AI skills are in demand, so are human skills
Meg Garlinghouse and Karin Kimbrough from LinkedIn presented the gap between the in-demand skills and in-demand jobs. AI skills for board-level and C-suite officers are important. Meg provided an example of Board.dev that will train technologists to equip them with what they need to do if they serve on nonprofit boards. Meg encouraged nonprofits to think about their talent management and hire humans who understand the impact of AI. She shared consistent data stating that 70% of executives say soft skills are more important than AI skills. Talent is needed to make AI work in a very human world. At the summit, we saw that learning AI is better as a community sport. We held a Generative AI skills workshop to train nonprofit professionals while on site—and over 300 in-person attendees received their certifications. We also talked about the Digital Skills Hub where leaders can find tools to share with their teams in all roles.

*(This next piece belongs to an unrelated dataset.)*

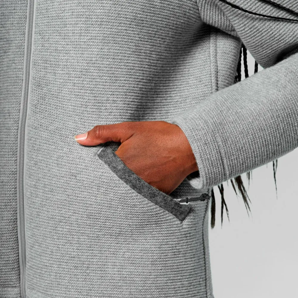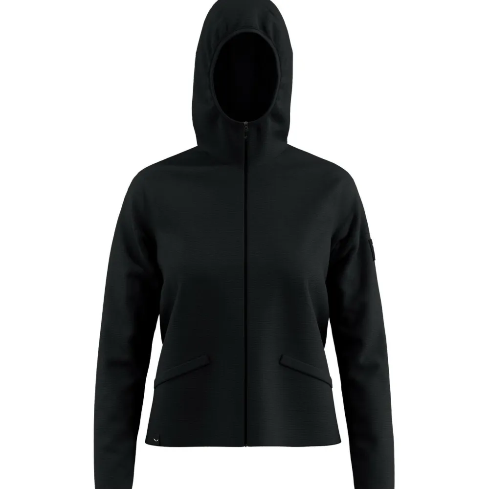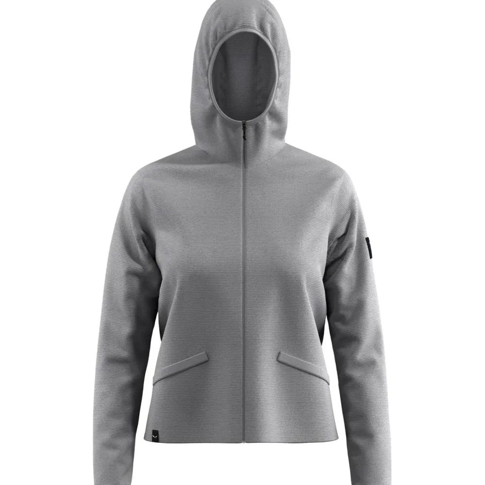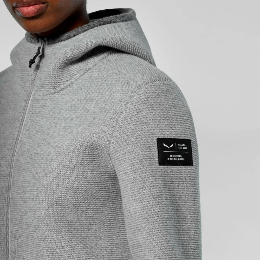 Die Women’s Fanes Sarner Jacket Freizeitjacke von Salewa sieht schon auf den ersten Blick nach einem gemütlichen Begleiter für den Alltag aus. Das dicht gestrickte Material mit einem hohen Wollanteil schmiegt sich angenehm an und lädt zum Kuscheln ein. Auch der empfindliche Kopfbereich kann mit der weichen Kapuze vor niedrigen Temperaturen geschützt werden.

Nonprofits are at the heart of AI innovation
And nonprofits should be at the heart of AI design. Vilas Dhar, President of the Patrick J. McGovern Foundation, in his closing keynote led with, “Those who are proximate to the problem, should be proximate to technology.” But his message took this one step further with a call to all nonprofits to become deeply involved in training and designing LLM technology for their use so it can serve local communities well. Jared Spataro’s demo of Microsoft Copilot showed how to query for information and design prompts that best meet the needs of the sector and provided practical examples to retrain your own prompts.
The summit’s core message ended with the hope and knowledge that the nonprofit sector is a leader in this tech revolution. As Woodrow said, “If you want to build good tech, build it to do good because then you are going to be taking on the hardest challenges and the tech you develop will be really robust.” The nonprofit industry should lead the most profound solutions because of our ability to work together.
The summit is just the beginning of using AI for impact. As Kate said, it may feel like a sprint, but AI for impact is a marathon. And we’re here to run it together. We want to hear from you—and learn from you—about how you will take the insights and learnings from these conversations back to your organization and start putting AI into action for mission impact. AI transformation starts here. We can’t wait to see what comes next.